In partnership with Home Office minister Sarah Newton MP, the British Retail Consortium (BRC) has just launched a Cyber Security Toolkit that will provide retail businesses of all sizes with a practical, step-by-step guide to prevent and manage cyber security threats and protect the customers whom they serve.
For retailers, the online market has seen huge growth in recent years with online sales expanding by around 10% to 15% each year. The same period has seen the parallel rise of ever-more elaborate forms of cyber-related crimes such as ‘doxing’, ‘whaling’ and ‘spoofing’ against both retail businesses and online shoppers.
In developing this new toolkit, the BRC and its members were driven by a desire to keep pace with the evolving risks associated with operating online and also to ensure they meet customer expectations around the protection of personal data.
The toolkit’s recommendations to retail businesses include establishing cyber security as a Board-level issue, retail-specific information-sharing, completing a cyber security risk assessment and creating an incident response plan. The toolkit also provides a guide to preparing for, responding to, recovering from and reviewing cyber attacks.
Consumers spend approximately one in every four pounds online. According to the BRC’s Retail Crime Survey for 2016, an estimated 53% of all reported fraud in the retail industry is cyber-enabled, which represents a total direct cost of around £100 million.

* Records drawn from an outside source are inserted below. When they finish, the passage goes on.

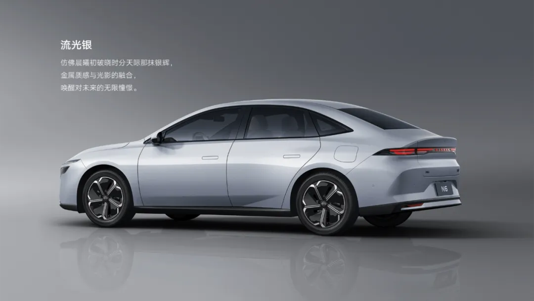 车身侧面采用风弧式极简腰线,从车头延伸至车尾勾勒出修长姿态,搭配运动化轮辋,呈现出沉稳兼具动感的视觉效果;车尾配备飓风之眼尾灯,整体布局方正规整,增强了尾部的视觉表现力。不仅如此,N6的车身还采用0.618的黄金车身比例,可以实现0.248Cd的超低风阻。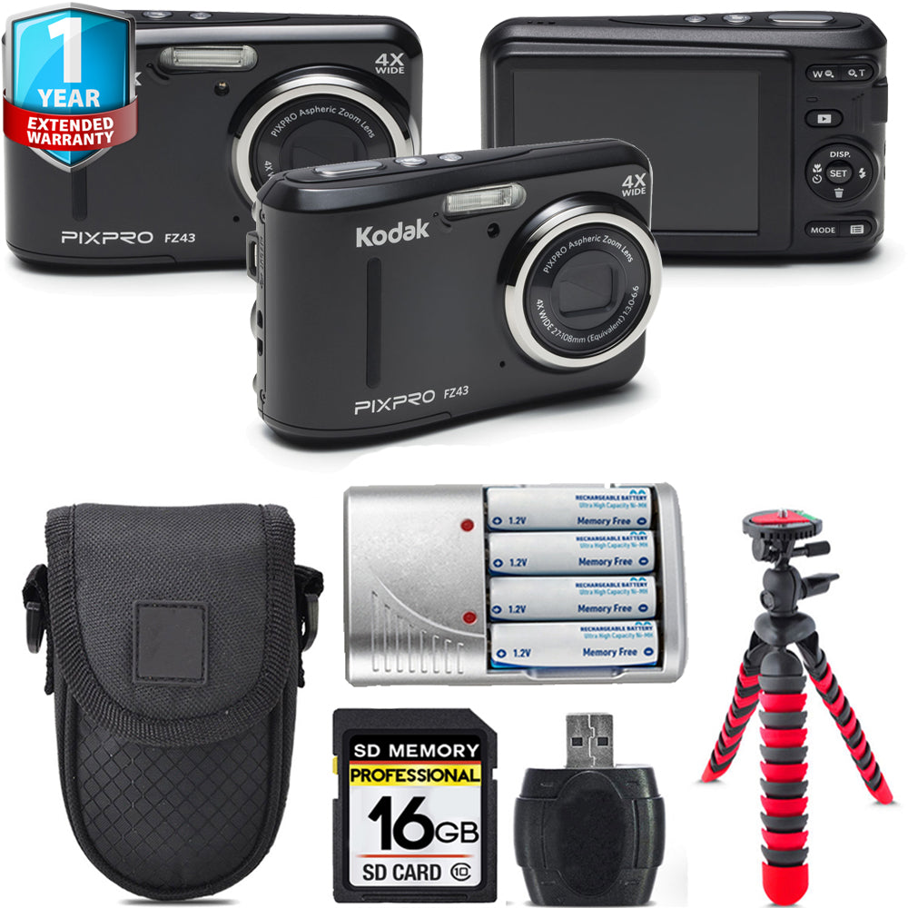 Kodak PIXPRO FZ43 Digital Camera (Black) + Extra Battery +1 Yr Warranty + Case -16GB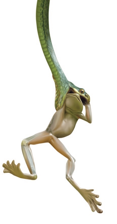 ■大多数的毒蛇会将毒液注入猎物体内,等待猎物死去。但它们中的一些蛇会将猎物活活吞下。大多数树蛇,像这条鹦鹉蛇,会用尾巴抓住树枝,倒挂着把猎物吞下去。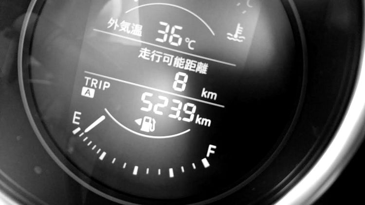 最終的には走行可能距離が僅か8kmというところでガソリンスタンドに到着。走行可能距離が表示されるクルマははじめてなもので、へー便利な機能だなぁと感心する一方、この数字をどれほどアテにして良いものかとも思います。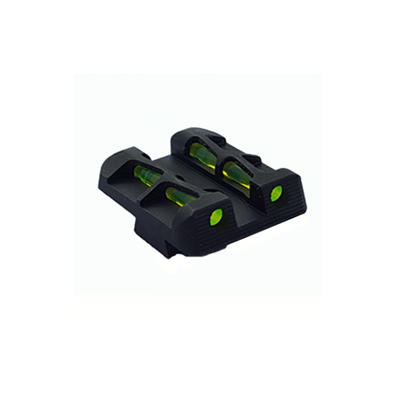 Rear sight for Sig Sauer P-Series. Litewave rear sight design allow interchangeable colors fits all P-Series Sig pistols, except the P-250. The sight's height is the same as the Sig #8. All steel construction includes Litepipes in red, green and black.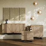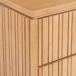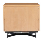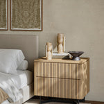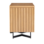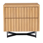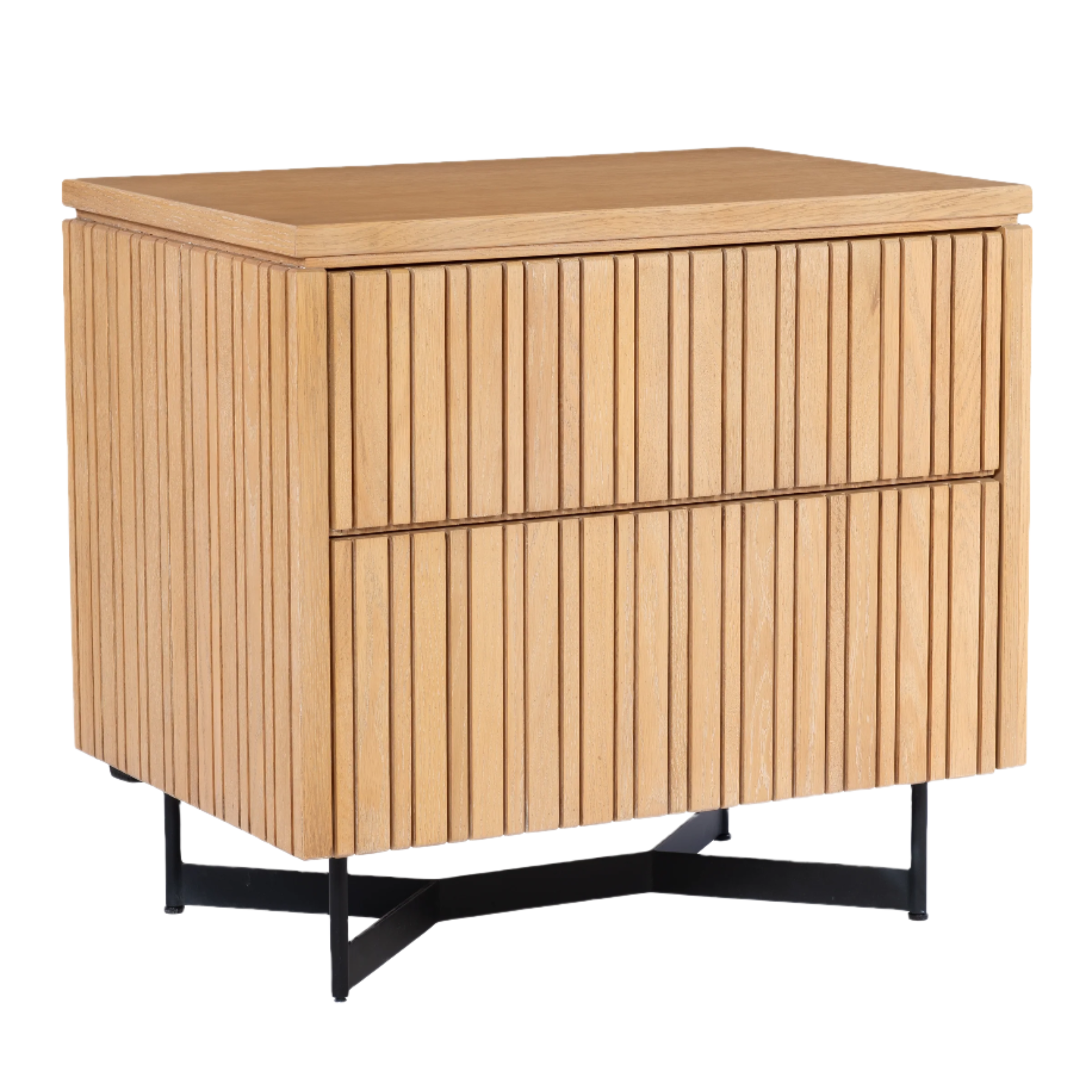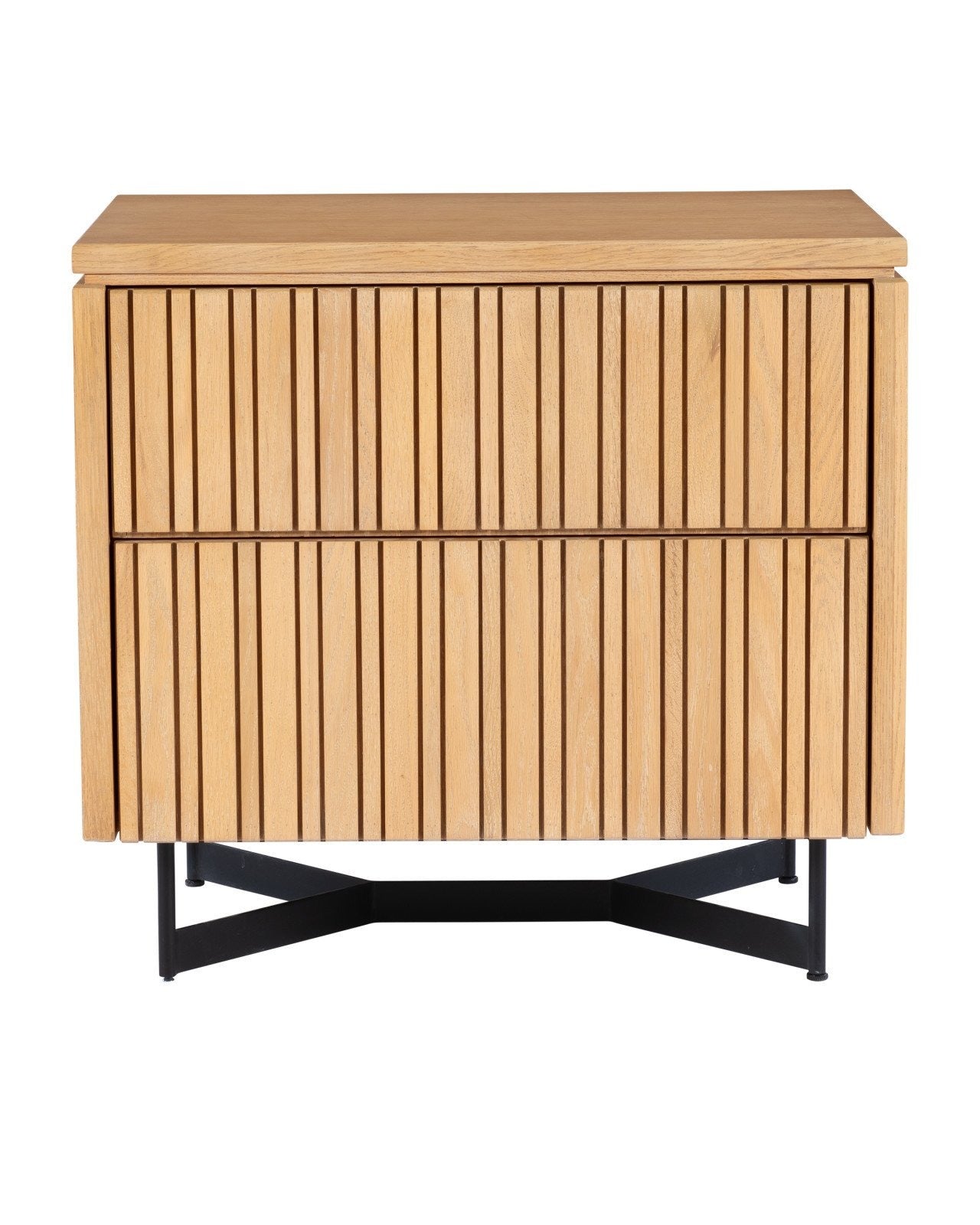 The Indeo Washed Oak Nightstand is an intricate piece of furniture. Made of two sizes of solid oak slats that are clad in oak veneers and inset into the frame, the piece is covered in a washed oak finish. The two-drawer nightstand sits cleverly on iron legs with generously sized stretchers in a black finish. The drawers are push-to-open.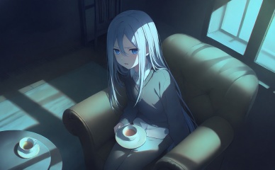 masterpiece,highres,absurdres,newest,best quality,loli,petite,high quality,chromatic_aberration,//,yoisaki_kanade, 1girl, long_hair, cup, blue_eyes, solo, sitting, chair, teacup, sweater, indoors, hair_between_eyes, table, shirt, collared_shirt, light_blue_hair, white_shirt, black_sweater, looking_at_viewer, very_long_hair, long_sleeves, armchair, couch, carpet, grey_sweater, straight_hair, blue_hair, parted_lips, saucer, white_hair, tea, holding_cup, shade, grey_hair, open_mouth, shadow, television, sidelighting, on_chair, tsurime, sidelocks, double-parted_bangs, furrowed_brow, window_shade, buttons, backlighting, dress_shirt//,<lora:PJSKcg925——【NOOB】hans:0.8>,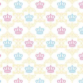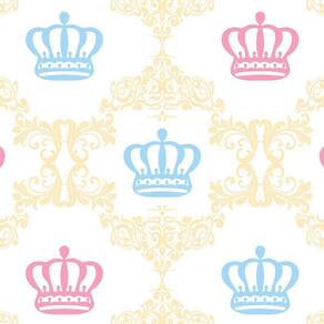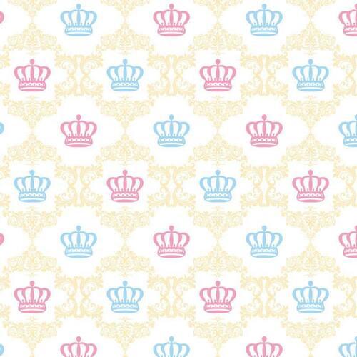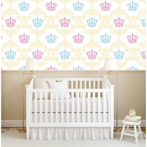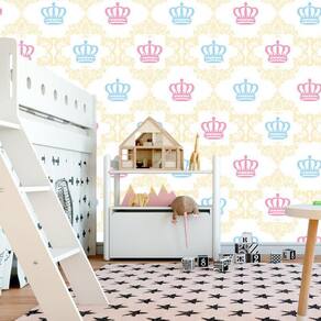 Papel De Parede Coroa Rosa E Azul Desenho Amarelo Adesivo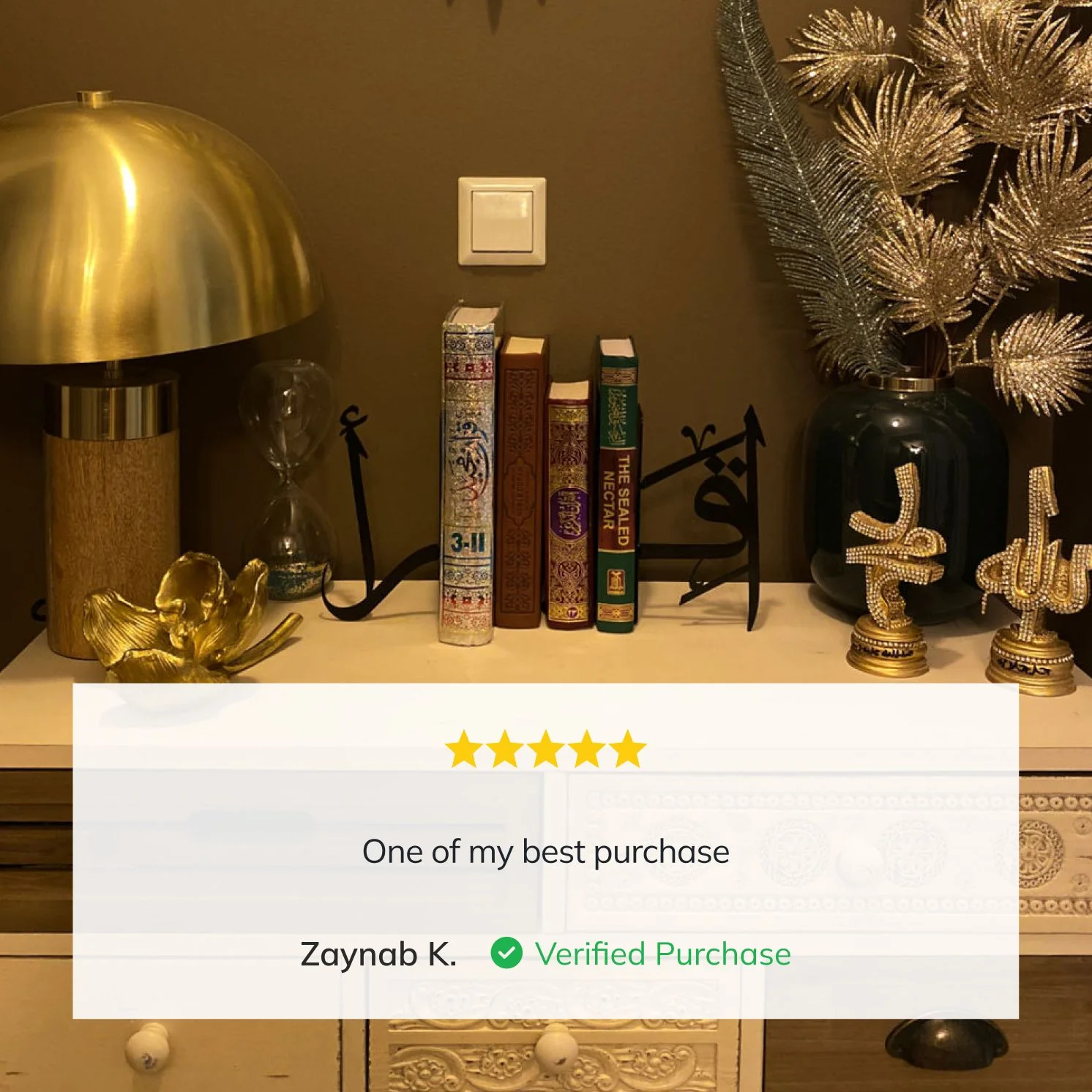 This piece, adorned with Islamic calligraphy, not only organizes your cherished reads but also infuses your space with peace and reverence. It’s a perfect addition to Islamic home decor, serving as an inspiring Muslim gift. Enhance your Ramadan decorations and celebrate Eid Mubarak with elegance that resonates with faith and tradition.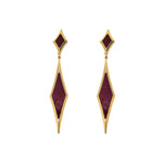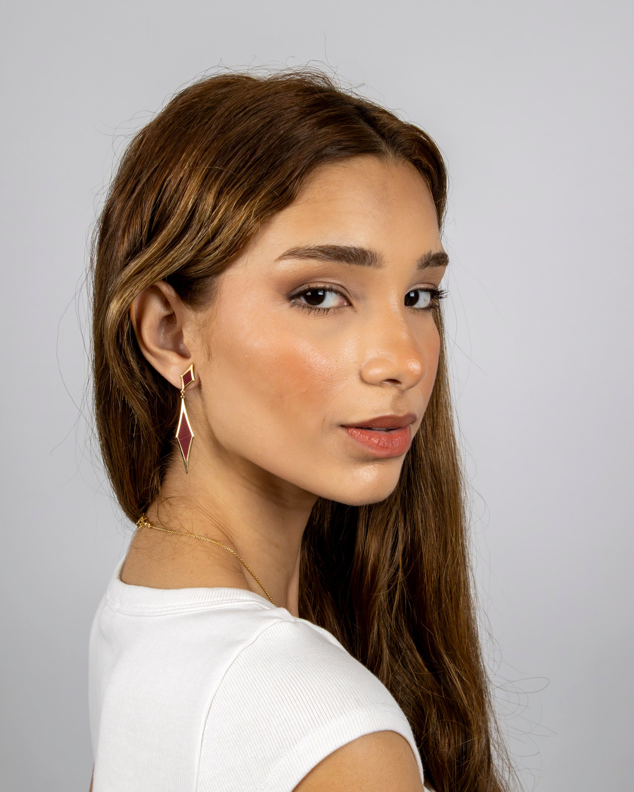 Comanda atenção com os Brincos Juno, onde formas losangulares douradas abraçam elementos vermelhos profundos numa cascata vertical dramática. Esta peça equilibra geometria angular com intensidade cromática, criando um acessório que irradia confiança e sofisticação através da sua presença magnética e design arquitetónico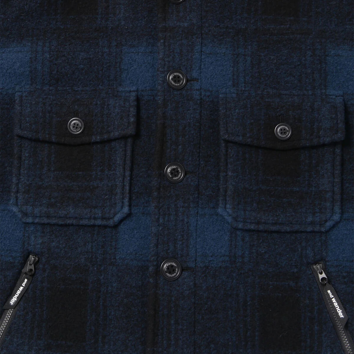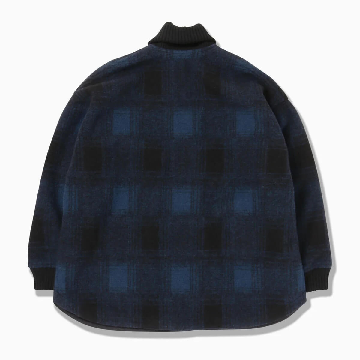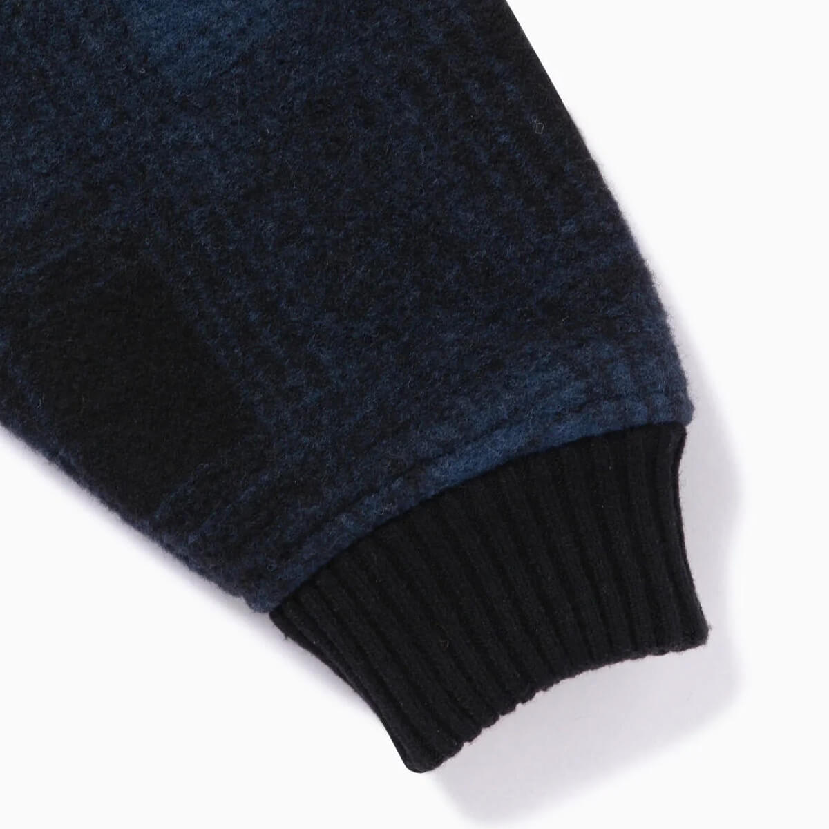 ウールポリエステルの混紡糸をオリジナルのチェック柄に編み、縮絨と起毛加工でふっくら仕上げています。裏にはフィルムをラミネート加工しているため、高い防風性を発揮し、冷たい風をブロックします。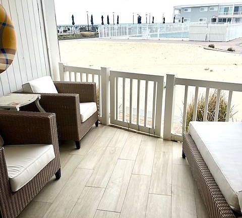 Gorgeous Dune Road Oceanfront at Luxurious Westhampton House! Renovated 2 bedroom, 2 bath unit, sleeps 8, with beautiful custom kitchen with island seating and wine refrigerator. Large open layout for your entertaining pleasure. Wonderful patio out to pool, with direct access to sand and walkway to beach. Designed with perfection, this will not last. Pretty furnishings with large sleeper sofa queen couch, light airy space and very clean. Lifeguarded ocean beach, dock on bay side, very nice gym, community room with kitchen, bbq grills, laundry room(2), business center, elevator, and full-time live-in manager. August $30,000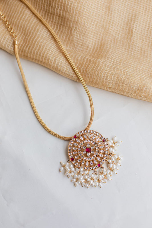 Gold Finish Long Chain with Jumbo Chakram Pedantant Necklace #20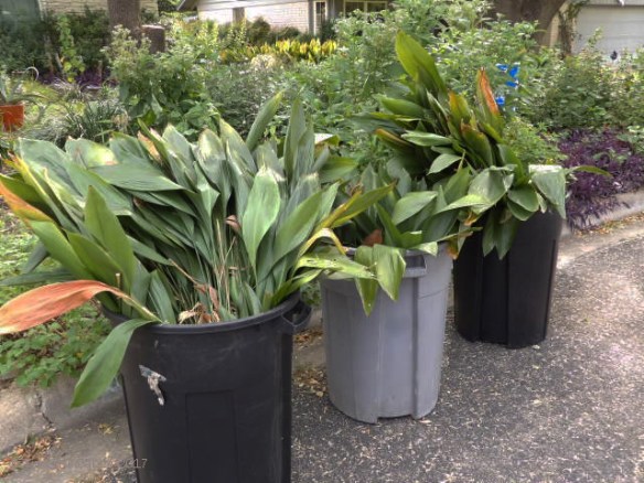 Three of many bins of plants from this project. The plants won’t go to the landfill, but will end up as part of a sewage-sludge product called “DilloDirt,” an excellent garden amendment.

Know-how, guidance and practical support
Hugo Rosemont, policy advisor on crime and security at the BRC, told Risk UK: “The UK is one of the leading e-commerce markets in the world. The BRC Cyber Security Toolkit is designed to equip British retailers with the know-how, guidance and practical support that will help the industry to stay ahead of the ever-evolving threats posed by cyber-related criminality. All parts of the retail industry have a large and growing stake in keeping customers safe and secure, and the industry is committed to ensuring that the strongest possible measures are in place – all the way through from prevention to incident response.”
Sarah Newton, the Minister for Vulnerability, Safeguarding and Countering Extremism at the Home Office, added: “The nature of crime is changing, and so the way in which we all work to tackle it must change, too. We’re already taking world-leading action to stamp out cyber crime and fraud, including investing £1.9 billion in cyber security over five years. As we’ve always said, though, the Government cannot fight the cyber criminals on its own. Businesses have a responsibility to take steps to protect themselves and their customers, which is why we’re delighted that the BRC has introduced its Cyber Security Toolkit to help retailers do just that.”
Dr Ian Levy, technical director at the National Cyber Security Centre, commented: “The retail sector is vital to the UK’s economic well-being and both the sector itself and its supply chain are increasingly reliant on online safety and security. The National Cyber Security Centre is delighted to be working with the BRC in finding innovative ways to make the UK a safe place for citizens, e-commerce, small businesses and large chains alike to transact their retail business online. We’re committed to giving individuals and businesses of all sizes the confidence to deliver success in our increasingly digitised economy, and we’re very pleased to support the introduction of this new toolkit.”